We will show that if this holds for \(i=k\), it also holds for \(i=k+1\). If it holds for \(i=k\), then the sums that can be created by choosing from \(D_1,D_2,\dots,D_{k+1}\) are \(0,1,2,\dots, \sum_{j=1}^{k}D_j\) and \(D_{k+1},D_{k+1}+1,D_{k+1}+2,\dots, \sum_{j=1}^{k+1}D_j\). Therefore, it suffices to show that \(D_{k+1} \leq \sum_{j=1}^{k}D_j+1\). Since \(D_j \equiv A_j\ (\bmod\ 2)\), the minimum value of the right side is the number of odd integers among \(A_1,A_2,\dots,A_k\) plus \(1\), and the maximum value of the left side is clearly \(A_{k+1}\). Thus, we need to show that \(A_{k+1} \leq\) (the number of odd integers among \(A_1,A_2,\dots,A_k\) plus \(1\)), which is the same as the necessary and sufficient condition stated initially.

This shows the necessity.

[2] Sufficiency

We show sufficiency by actually constructing a \(D\) that satisfies the condition. Let \(a\) be the smallest \(A_i\) for which the number of odd integers less than \(A_i\) among \(A_1,A_2,\dots,A_N\) is less than \(A_i-1\).

[2-1] If \(a\) is odd

When \(A_i\) is even, set \(D_i=0\). When \(A_i\) is odd and less than \(a\), set \(D_i=1\). For all other cases, set \(D_i=a\). However, if this would result in the number of indices \(i\) satisfying \(D_i=1\) being even, then set \(D_i=1\) for only one \(i\) that satisfies \(D_i=a\). For example, for \(A=(3,3,3,3)\), set \(D=(1,3,3,3)\) instead of \(D=(3,3,3,3)\).

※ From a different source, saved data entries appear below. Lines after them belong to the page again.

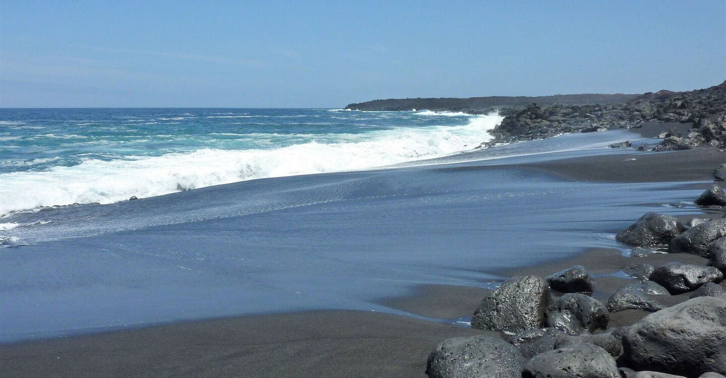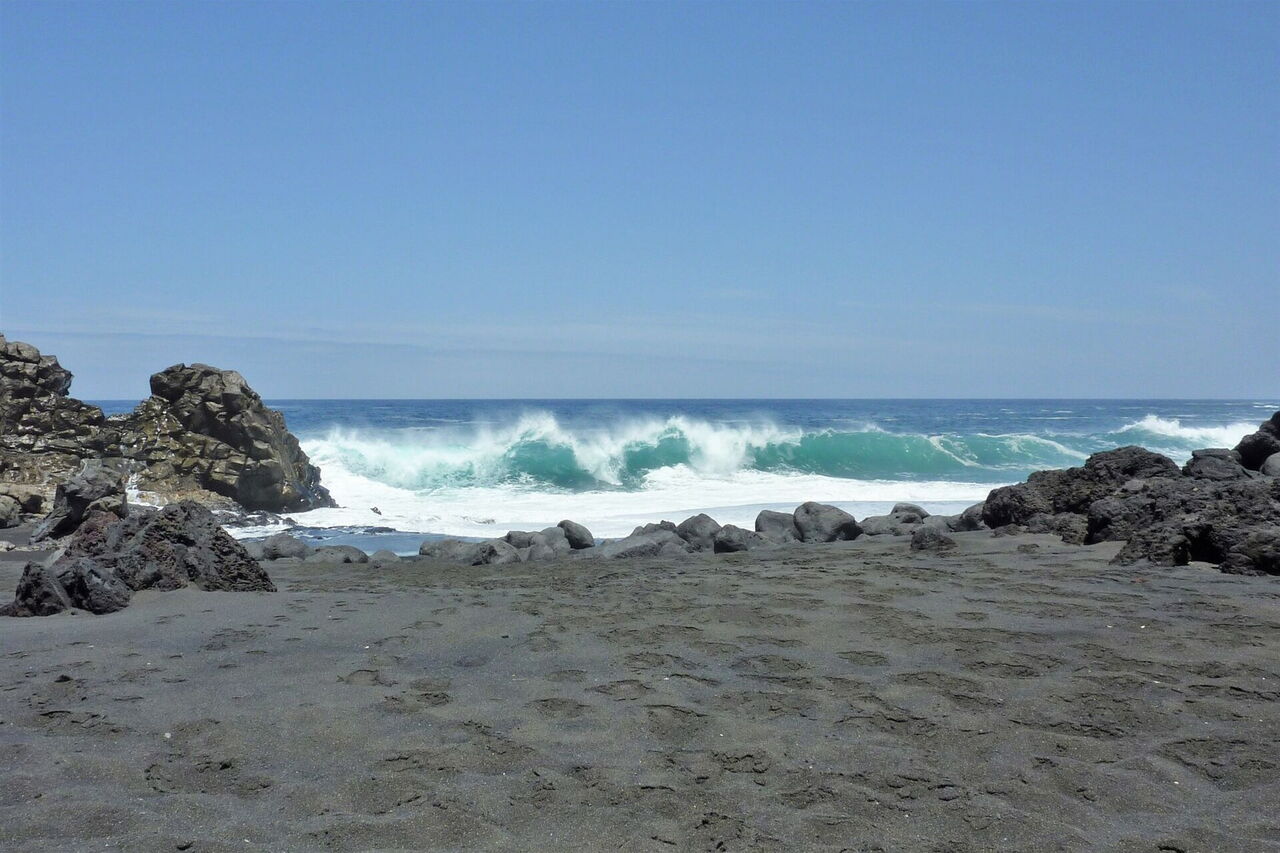Es erwartet uns eine spannende Pkw-Fahrt durch eine lebensunfreundliche Lavalandschaft, gefolgt von einer erlebnisreichen Wanderung zu einem Traumstrand. Art des Weges: Anfahrt auf einer Schotterpiste. Die kurze Wanderung geht über Sand und Felsen. Ein Strand, der zum Verweilen einlädt! Daher sollte folgende Ausrüstung nicht fehlen: Sonnenhut, Sonnencreme, Sonnensegel, Essen und Trinken. Einkehr: Es gibt weit und breit keine Einkehrmöglichkeit. Beste Zeit für diese Tour: Das ganze Jahr über. Auf der linken Seite des Strandabschnitts erhebt sich eine 5-7 m hohe Felswand, an der sich die Wellen spektakulär brechen. Direkt vorgelagert befindet sich ein natürliches Wasserbecken, in dem man sich abkühlen kann.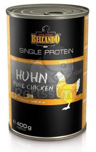 BELCANDO SINGLE PROTEIN szín tyúkhús konzerv Szuper prémium minőségű táplálék kiegészítő kutyáknak A BELCANDO MIX IT szárazeledellel együtt etetve egy igazán kiegyensúlyozott táplálást biztosít kutyájának. Összetétel:tyúkhús, -szív, -máj, -zúza, -nyak (73%); tyúkhúslé (27%) Összetétel elemzés:fehérje 11,5 %; zsír 4,0 %; nyershamu 2,2 %; nyersrost 0,3 %; nedve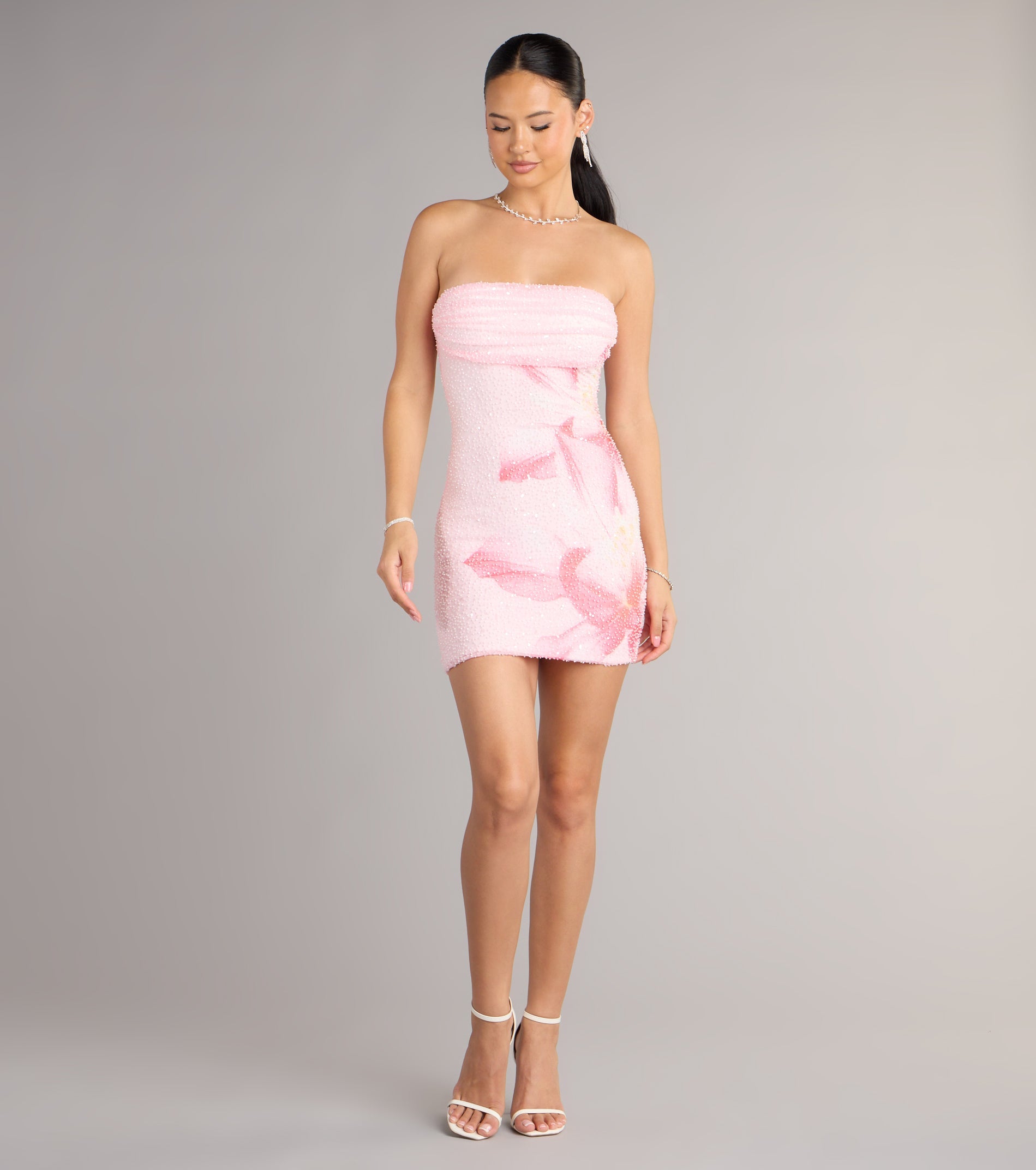 Hilary Tropical Floral Bead Mini Dress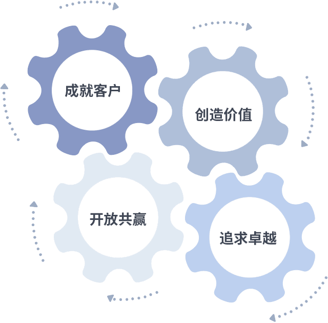 成就客户是一切决策的出发点,,,,创造价值是衡量所有工作的标准,,追求卓越是我们做事做人的态度,,开放共赢是我们的格局也是最终的结果。。价值观的齿轮环环相扣,,,推动着组织里的每个人不断向前。。。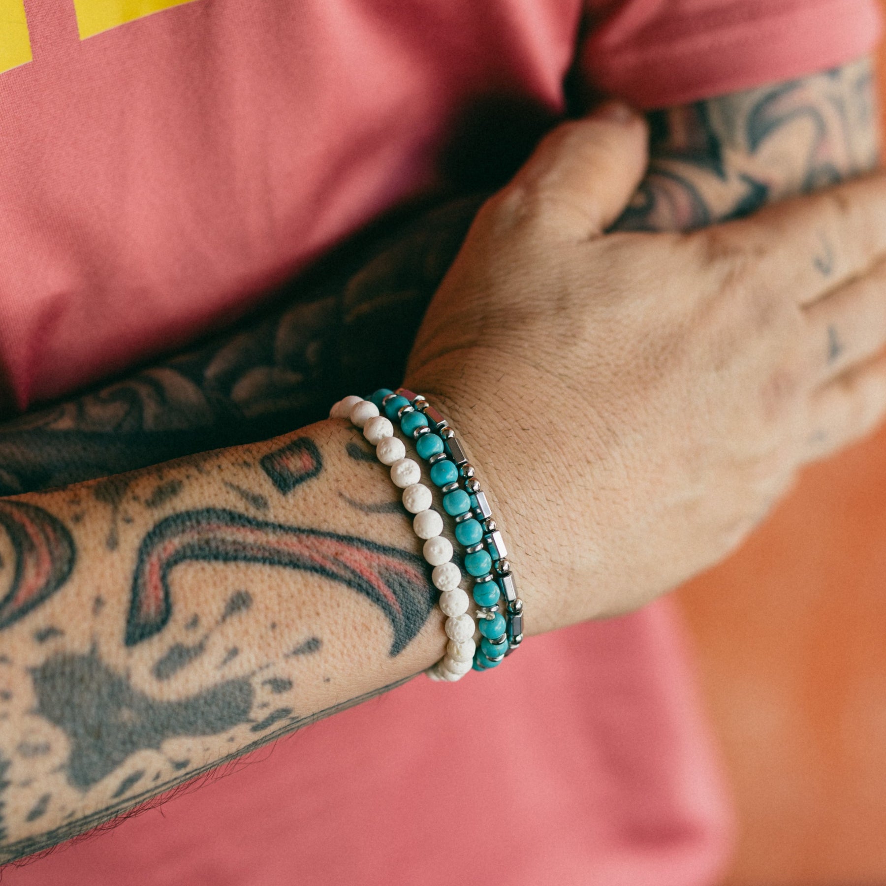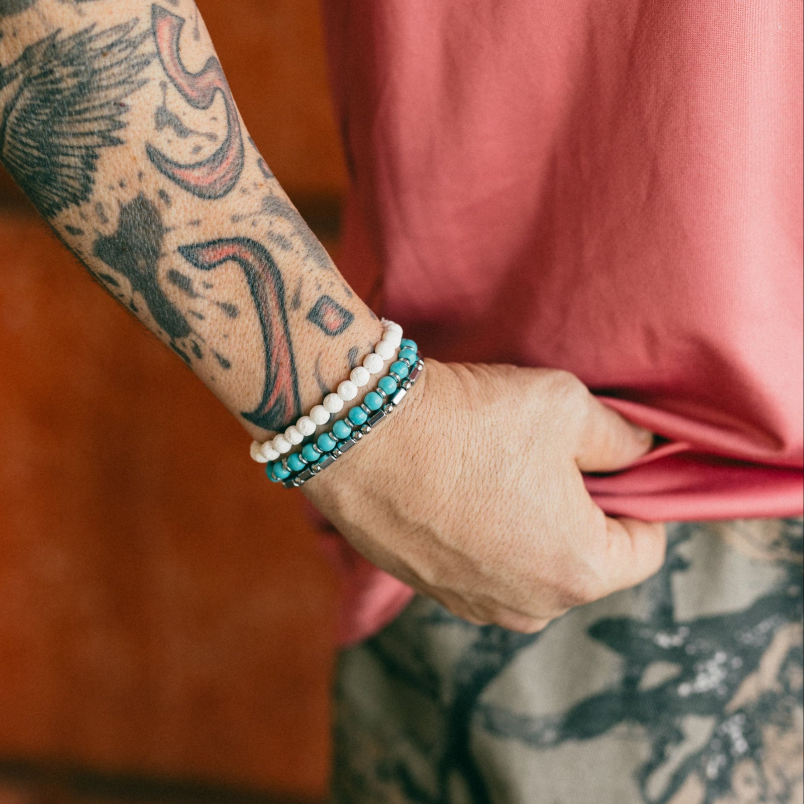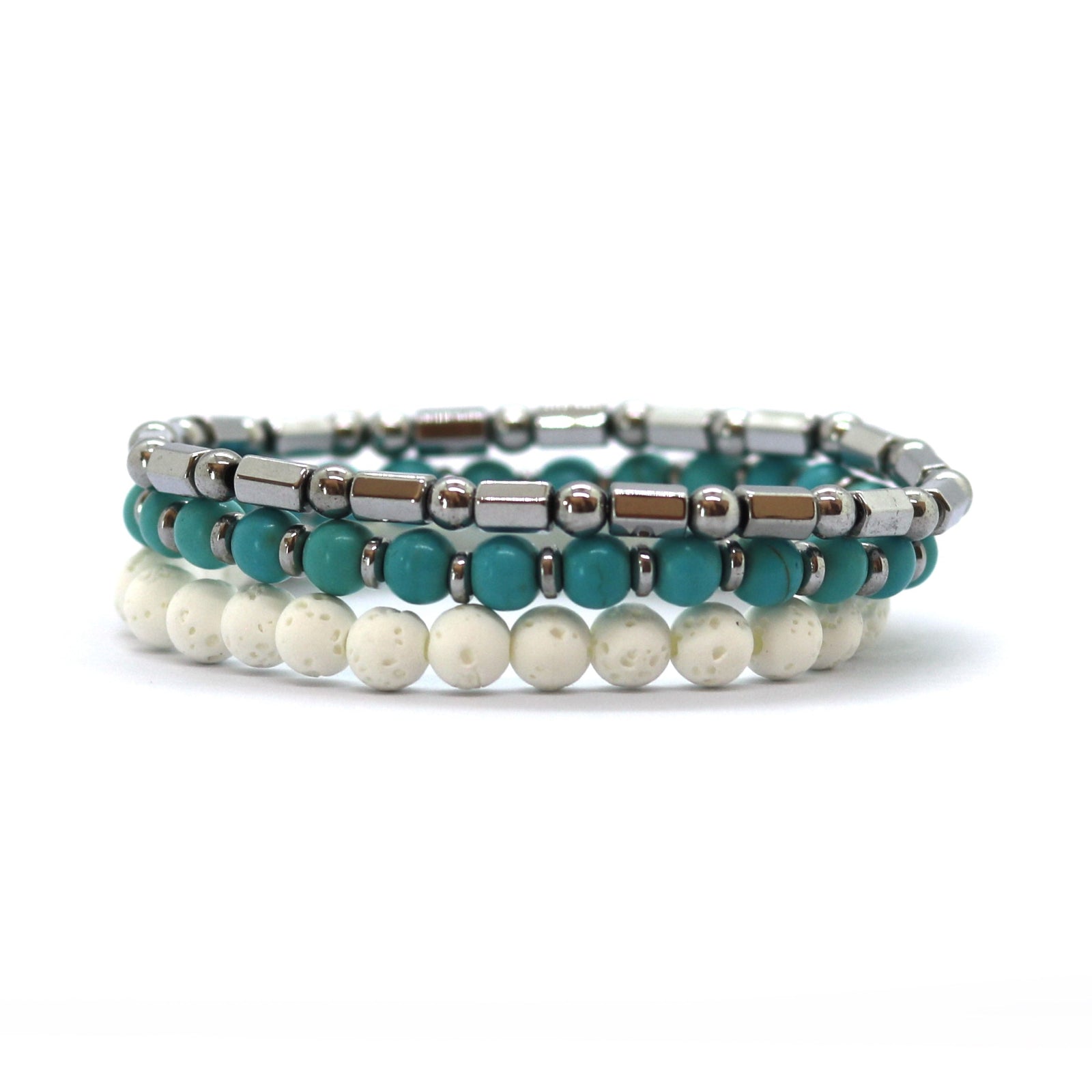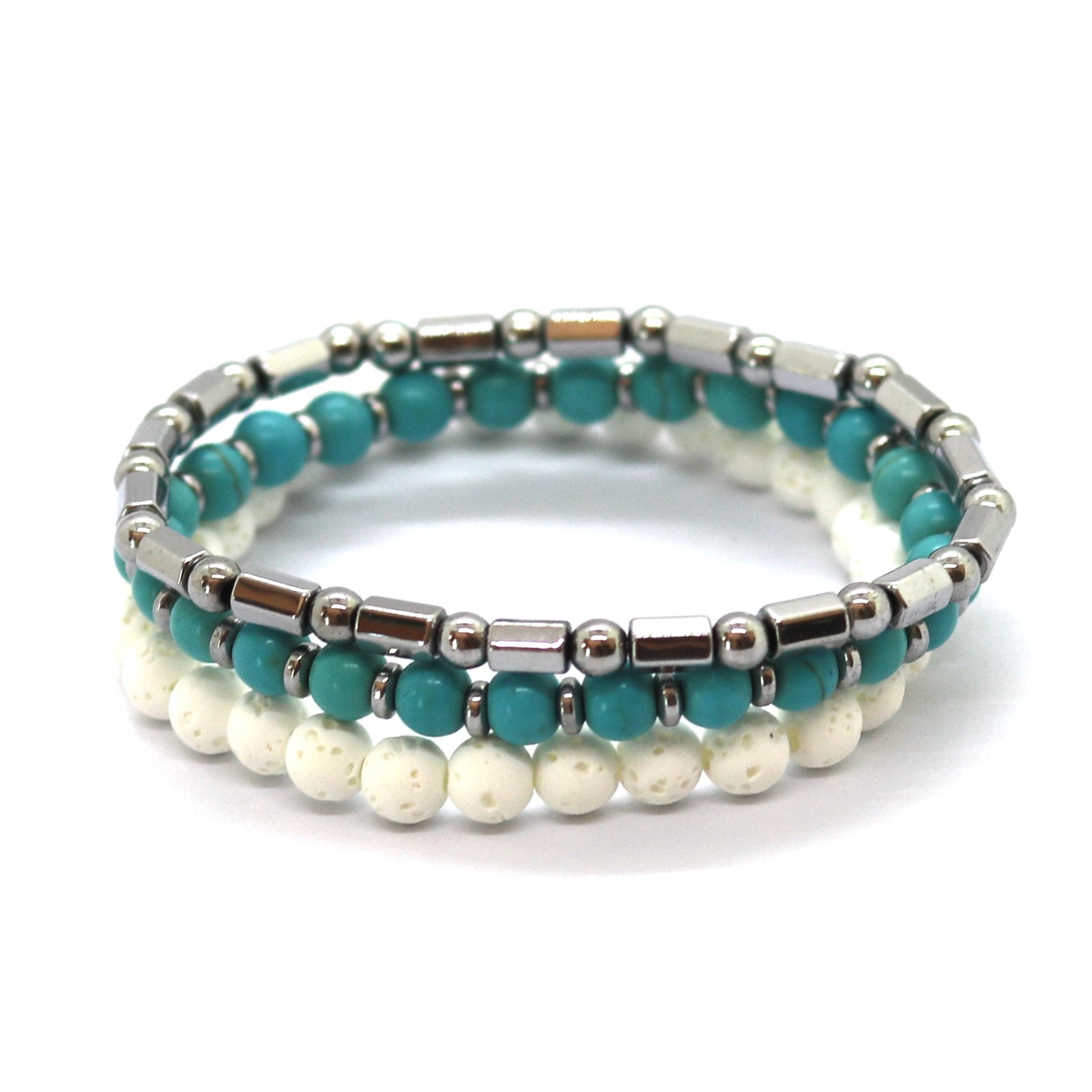 - 3 χειροποιητα βραχιολια απο αιματίτη , lava stone & ημιπολυτιμες μπιλιες των 4μμ

We confirm that the constructed \(D\) satisfies the condition. The numbers of \(1\) and \(a\) in \(D\) are both odd; let us call these numbers \(2n+1\) and \(2m+1\) \((2n+1 < a-1)\), respectively, and it suffices to show that \(\frac{2n+1+a}{2}+am\) cannot be created.

For the sum made from choosing some \(D_i\), the remainder when divided by \(a\) is at most \(2n+1\) since \(2n+1 < a-1\). On the other hand, the target sum \(\frac{2n+1+a}{2}+am\) when divided by \(a\) has a remainder of \(\frac{2n+1+a}{2}\), which is greater than \(2n+1\). Thus, it is impossible to create \(\frac{1}{2} \sum_{i=1}^N D_i\), so \(D\) satisfies the condition.

[2-2] If \(a\) is even

If there is an odd integer greater than \(a\) among \(A_i\), we can construct \(D\) using the method in [2-1] by choosing the smallest such odd integer. Otherwise, set \(D_i=1\) when \(A_i\) is odd, \(D_i=0\) when \(A_i\) is an even number not equal to \(a\), and for \(i\) such that \(A_i=a\), set \(D_i=a\) for only one and \(D_i=0\) for the others. Using the same argument as in [2-1], we can show that \(D\) satisfies the condition.